Chapter 14 Clustering presents a number of methods and algorithms that classify items on the basis of some measure of similarity. Hierarchical (section 14.1) and non-hierarchical (section 14.2) approaches are covered. By using these techniques, words can be classified automatically into categories that reflect something-like semantic similarity. Some promising results are shown in table 14.5.
Chapter 15 Topics in Information Retrieval covers automatic term extraction from documents. One of the approaches uses a vector space model, following from material in chapter 8, and the measures of Term Frequency and Term Frequency Inverse Document Frequency which are derived here (section 15.2.2). The other method for term identification is based on a term distribution model. The review is followed by a method for discourse segmentation 'TextTiling' that is based on information about the distribution of terms in a document (section 15.5).

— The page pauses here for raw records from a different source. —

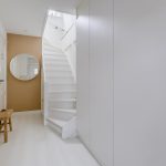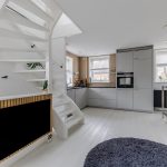This floor contains the living area with a living room and open kitchen. The living room has light-colored flooring and the walls are partially covered with modern wall panels. Thanks to the presence of multiple windows, there is plenty of natural light. The room is also illuminated by recessed spotlights. The staircase to the second floor is located in the center of the living room.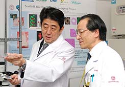 眼科領域の難病に対する遺伝子治療の日本で初めての臨床応用となった石橋達朗眼科学教授の「網膜色素変性症に対する遺伝子治療の臨床研究」や,江頭健輔循環器病先端医療研究開発学教授の「重症肺高血圧症治療用ナノ粒子製剤の実用化と臨床試験」,また,田口智章小児外科学教授から,腸が機能しない難病であるヒルシュスプルング病類縁疾患に対する幹細胞を用いた新しい治療法の開発について説明を受けられ,特に江頭教授からの説明では, 安倍首相自ら実験装置の前に立ち,日本発で世界で初めての心血管病治療用ナノ粒子製剤を手に取って確認されました。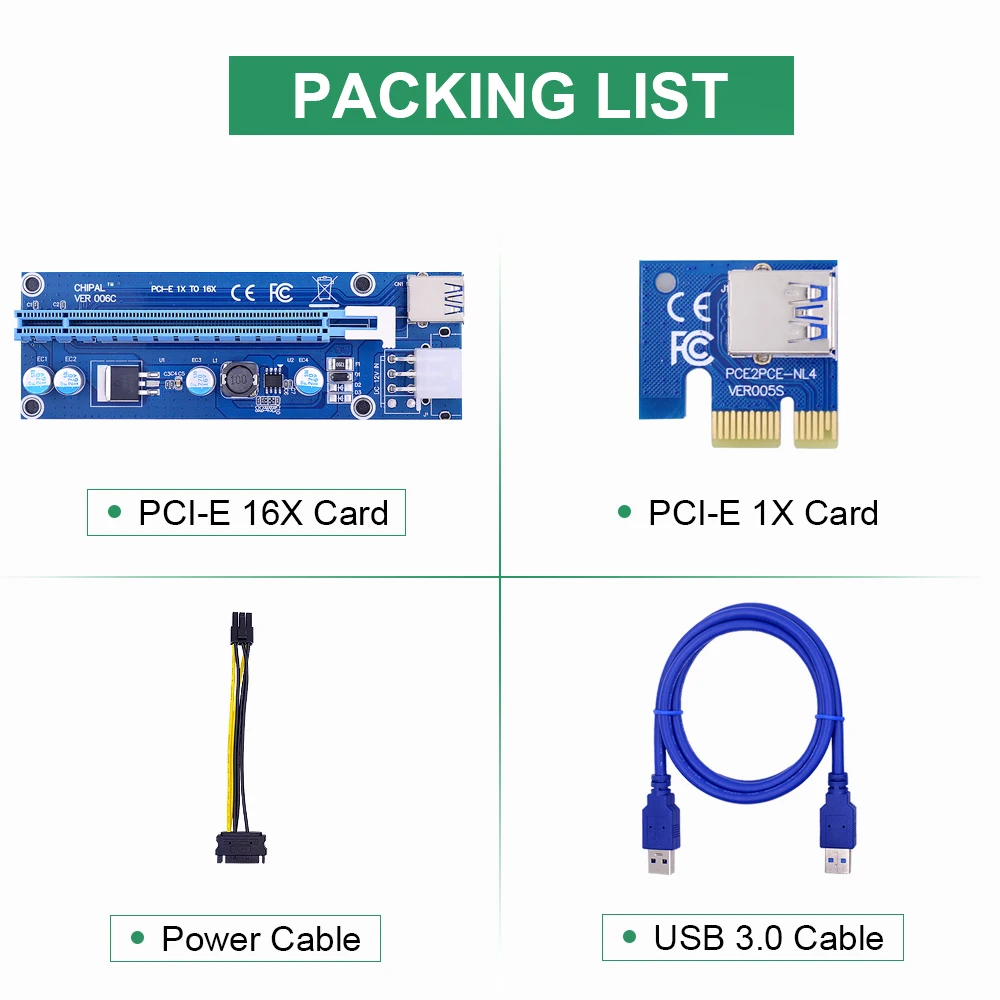 Райзер-карта CHIPAL VER006C PCI-E, 10 шт., удлинитель от 1X до 16X, 100 см, 60 см, 30 см, кабель USB 3,0, 6-контактный разъем для кабеля питания SATA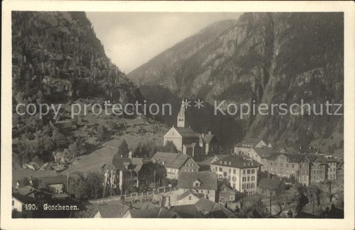 11779343 alte Postkarte Goeschenen Ortsblick mit Kirche postalisch gelaufen Erhaltung siehe scans KatCode: 11470220685194

Chapter 16 Text Categorisation introduces a number of statistical classification methods. The goal here is to automatically identify the topics or themes of documents. Several methods are used. With Decision Trees (section 16.1) a given document is described in terms of feature-value trees where possible values are labeled with probability scores. The combination of a document's value scores gives the likelihood that it belongs to a given class. Maximum entropy models (16.2) are described in which a number of pre- classified documents are defined by means of constraint features. The classification with the highest entropy score is defined as the maximum entropy model. New documents are then classified according to their similarity with this model. With the perceptron learning method term vectors (chapter 15) and iteratively induced weights are used to classify documents. The K-nearest neighbour (16.4) classification method is also described. Here, documents are classified according to their similarity to positively classified documents.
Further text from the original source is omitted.